::: SUPPLIED INFORMATION :::

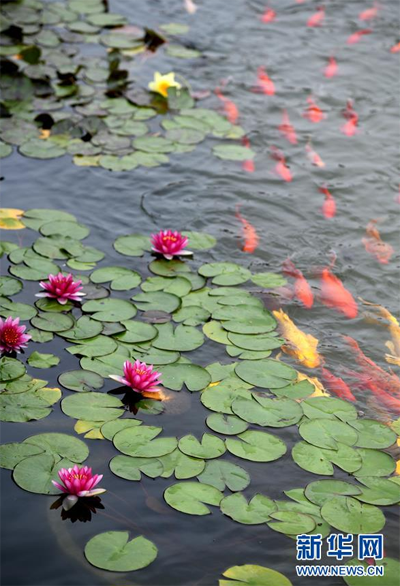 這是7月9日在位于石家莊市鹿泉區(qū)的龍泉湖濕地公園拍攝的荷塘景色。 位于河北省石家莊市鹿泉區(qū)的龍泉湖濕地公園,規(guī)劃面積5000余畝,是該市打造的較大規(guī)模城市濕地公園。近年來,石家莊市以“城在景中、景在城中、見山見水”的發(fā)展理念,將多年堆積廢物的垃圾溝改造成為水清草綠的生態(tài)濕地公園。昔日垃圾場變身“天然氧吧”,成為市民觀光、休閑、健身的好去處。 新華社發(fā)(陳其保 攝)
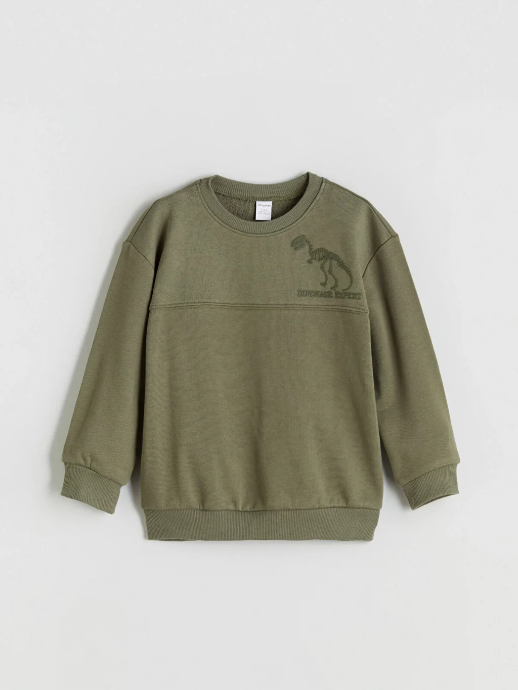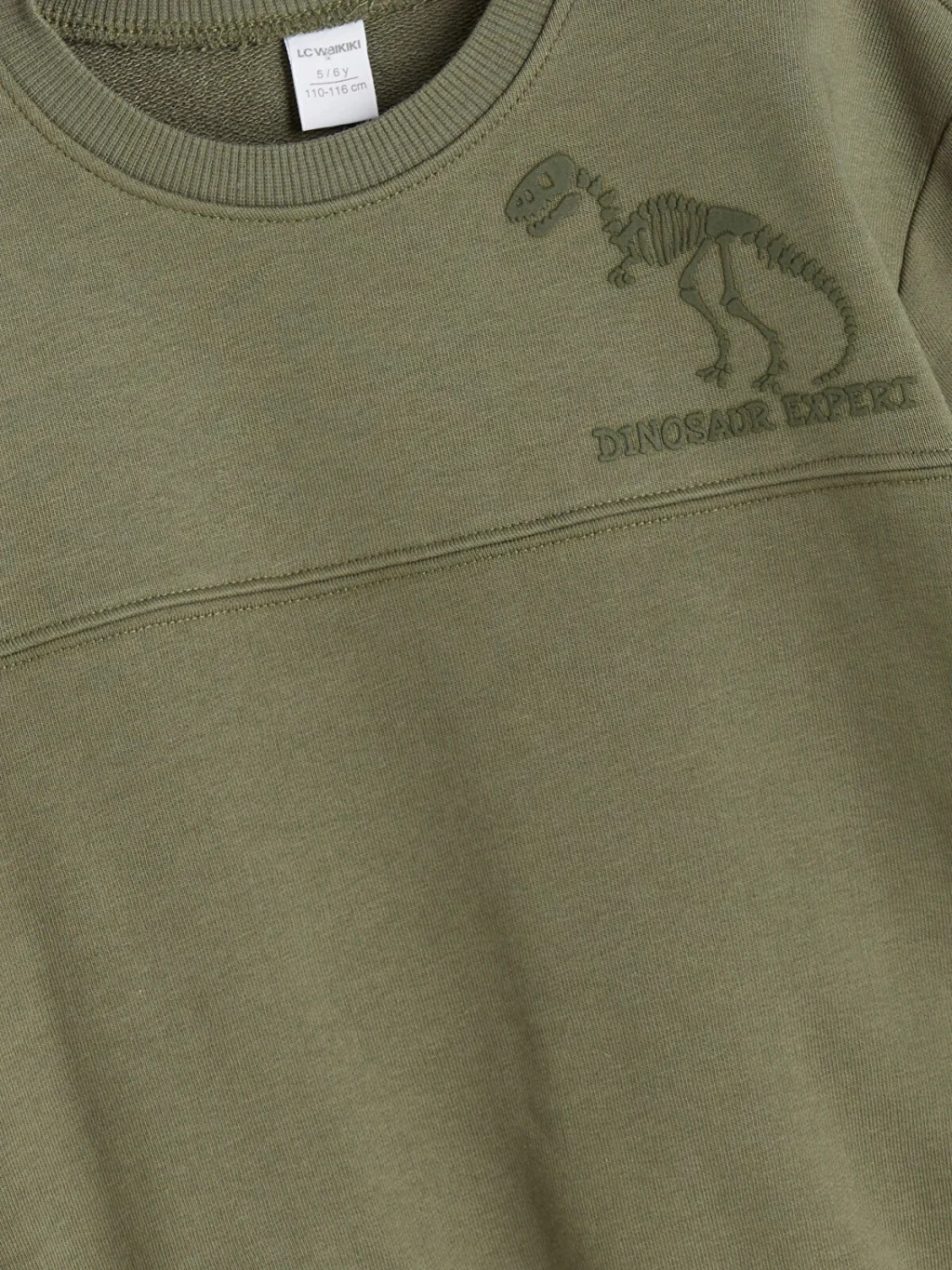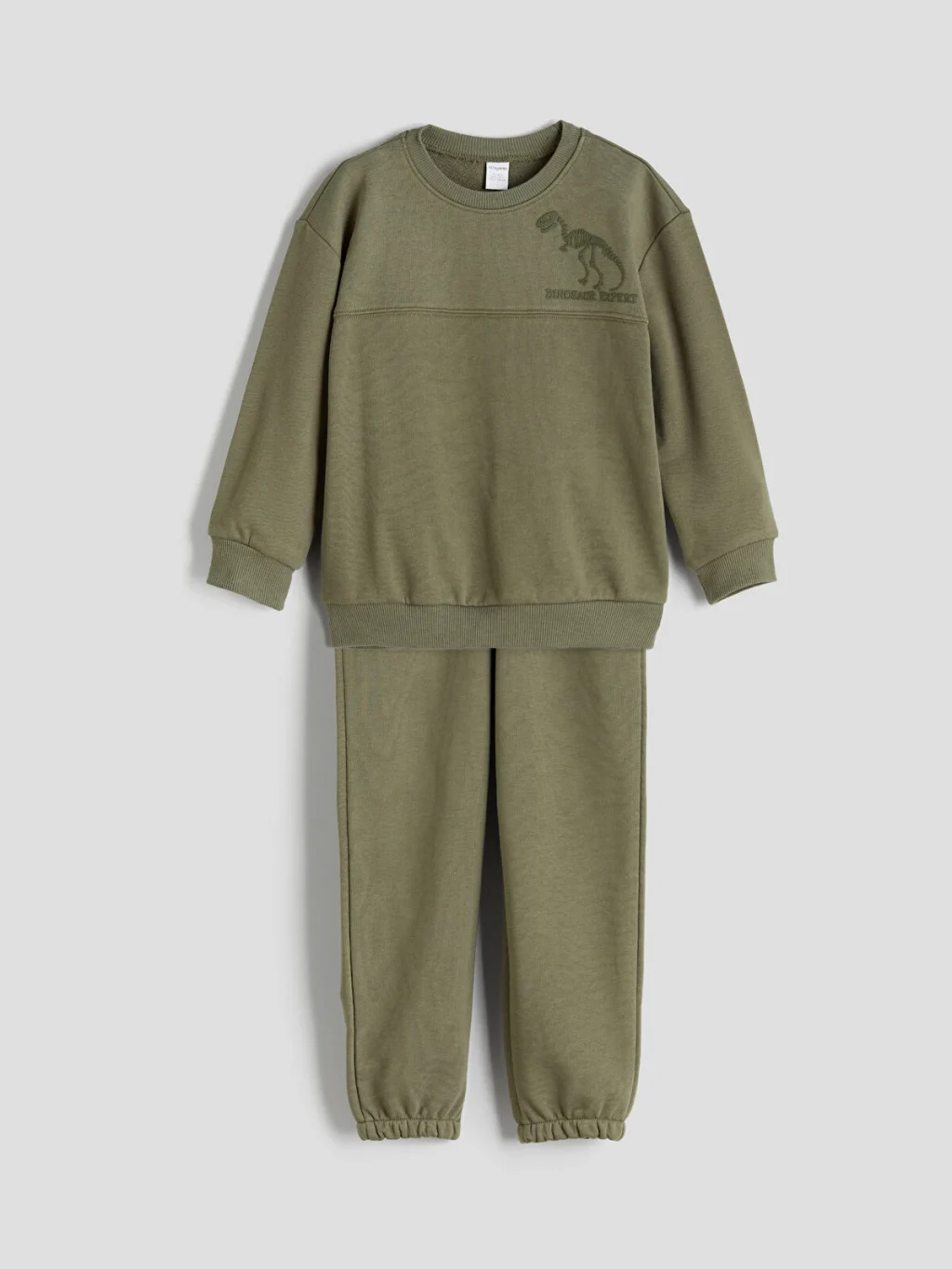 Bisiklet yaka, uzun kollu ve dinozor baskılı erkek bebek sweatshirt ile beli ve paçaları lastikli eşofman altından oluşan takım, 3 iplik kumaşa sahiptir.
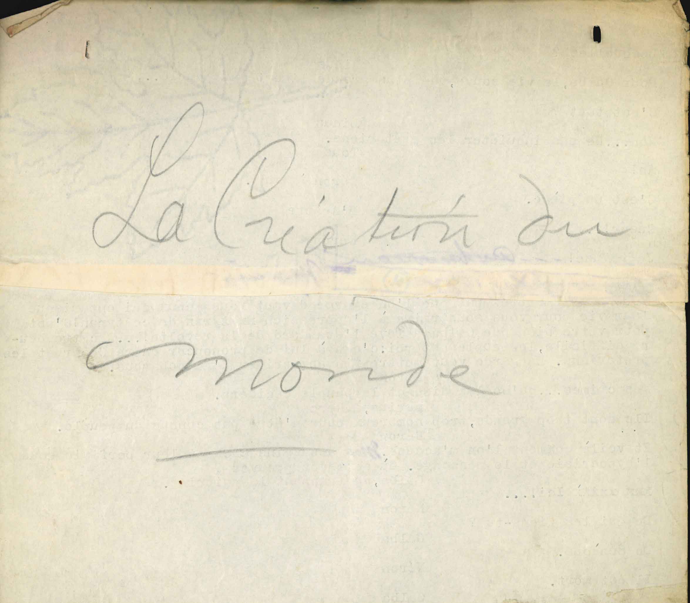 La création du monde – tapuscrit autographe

:::

Drop the images, then copy the data exactly.

 這是7月9日在位于石家莊市鹿泉區(qū)的龍泉湖濕地公園拍攝的荷塘景色。 位于河北省石家莊市鹿泉區(qū)的龍泉湖濕地公園,規(guī)劃面積5000余畝,是該市打造的較大規(guī)模城市濕地公園。近年來,石家莊市以“城在景中、景在城中、見山見水”的發(fā)展理念,將多年堆積廢物的垃圾溝改造成為水清草綠的生態(tài)濕地公園。昔日垃圾場變身“天然氧吧”,成為市民觀光、休閑、健身的好去處。 新華社發(fā)(陳其保 攝)
 Bisiklet yaka, uzun kollu ve dinozor baskılı erkek bebek sweatshirt ile beli ve paçaları lastikli eşofman altından oluşan takım, 3 iplik kumaşa sahiptir.
 La création du monde – tapuscrit autographe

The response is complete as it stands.